Performing drug-resistance testing before ART initiation in patients with chronic HIV infection is less straightforward. The rate at which transmitted resistance-associated mutations revert to wild-type virus has not been completely delineated, but mutations present at the time of HIV transmission are more stable than those selected under drug pressure, and it is often possible to detect resistance-associated mutations in viruses that were transmitted several years earlier [29-31]. No prospective trial has addressed whether drug-resistance testing prior to initiation of therapy confers benefit in this population. However, data from several, but not all, studies suggest suboptimal virologic responses in persons with baseline mutations [16-19, 32-34]. In addition, a cost-effectiveness analysis of early genotypic resistance testing suggests that baseline testing in this population should be performed [35]. Therefore, resistance testing in chronically infected persons at the time of entry into HIV care is recommended (AIII). Genotypic testing is preferred in this situation because of lower cost, more rapid turnaround time, ability to detect mixtures of wild-type and resistant virus, and the relative ease of interpretation (AIII). If therapy is deferred, repeat testing just prior to initiation of ART should be considered because the patient may have acquired drug-resistant virus (i.e., superinfection) (CIII).

Standard genotypic drug-resistance testing in ARV-naive persons involves testing for mutations in the RT and PR genes. Although transmission of INSTI-resistant virus has rarely been reported, as use of INSTIs increases, the potential for transmission of INSTI-resistant virus may also increase. Therefore, providers may wish to supplement standard baseline genotypic resistance testing with genotypic testing for resistance to INSTI (CIII).

Use of Resistance Assays in the Event of Virologic Failure

Resistance assays are useful in guiding decisions for patients experiencing virologic failure while on ART. Several prospective studies assessed the utility of resistance testing in guiding ARV drug selection in patients with virologic failure. These studies involved genotypic assays, phenotypic assays, or both [6, 36-42]. In general, these studies found that early virologic response to salvage regimens was improved when results of resistance testing were available to guide changes in therapy, compared with responses observed when changes in therapy were guided only by clinical judgment. Additionally, one observational study demonstrated improved survival in patients with detectable HIV plasma RNA when drug-resistance testing was performed [43]. Thus, resistance testing appears to be a useful tool in selecting active drugs when changing ARV regimens for virologic failure in persons with HIV RNA >1,000 copies/mL (AI). (See Virologic and Immunologic Failure.) In persons with >500 but <1,000 copies/mL, testing may be unsuccessful but should still be considered (BII). Drug-resistance testing is not usually recommended in persons with a plasma viral load <500 copies/mL because resistance assays cannot be consistently performed given low HIV RNA levels (AIII).

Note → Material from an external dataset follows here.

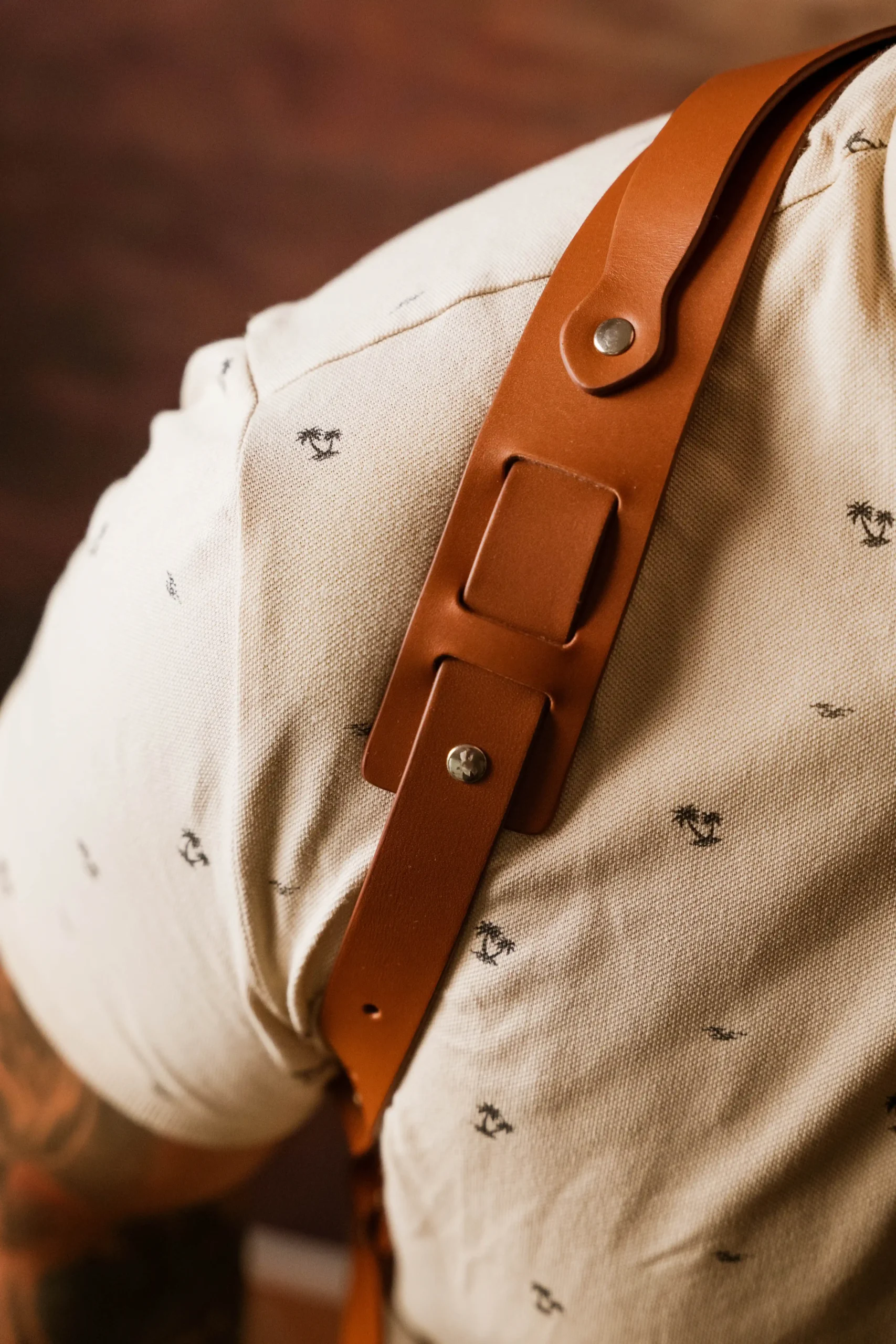 Questa tracolla viene realizzata interamente a mano ma quello che la rende speciale è la possibilità di personalizzarne le misure per adeguarla al corpo di chi la indossa. Con un pratico sistema di rivetti a vite, l’utente avrà la libertà di modificare le lunghezze sia delle fasce che avvolgono le braccia sia della fascia con il moschettone per agganciare la fotocamera.

Resistance testing also can help guide treatment decisions for patients with suboptimal viral load reduction (AII). Virologic failure in the setting of combination ART is, for certain patients, associated with resistance to only one component of the regimen [44-46]. In that situation, substituting individual drugs in a failing regimen might be possible, although this concept will require clinical validation. (See Virologic and Immunologic Failure.)

Genotypic testing is generally preferred for virologic failure or suboptimal viral load reduction in persons failing their first or second ARV drug regimen because of lower cost, faster turnaround time, and greater sensitivity for detecting mixtures of wild-type and resistant virus (AIII). Addition of phenotypic to genotypic testing is generally preferred for persons with known or suspected complex drug-resistance mutation patterns, particularly to PIs (BIII).

In patients failing INSTI-based regimens, testing for INSTI resistance should be considered to determine whether to include drugs from this class in subsequent regimens; genotypic testing is preferred (BIII). Although it is not a drug-resistance assay, a coreceptor tropism assay should be performed whenever the use of a CCR5 antagonist is being considered (AI). Coreceptor tropism testing should also be considered for patients who exhibit virologic failure on a CCR5 antagonist (CIII). However, such testing may be of limited value because the absence of detectable CXCR4-using virus does not exclude the possibility that CCR5 antagonist resistance may have developed. Assays for detecting resistance to CCR5 antagonists are not yet commercially available [47]. (See Coreceptor Tropism Assays.)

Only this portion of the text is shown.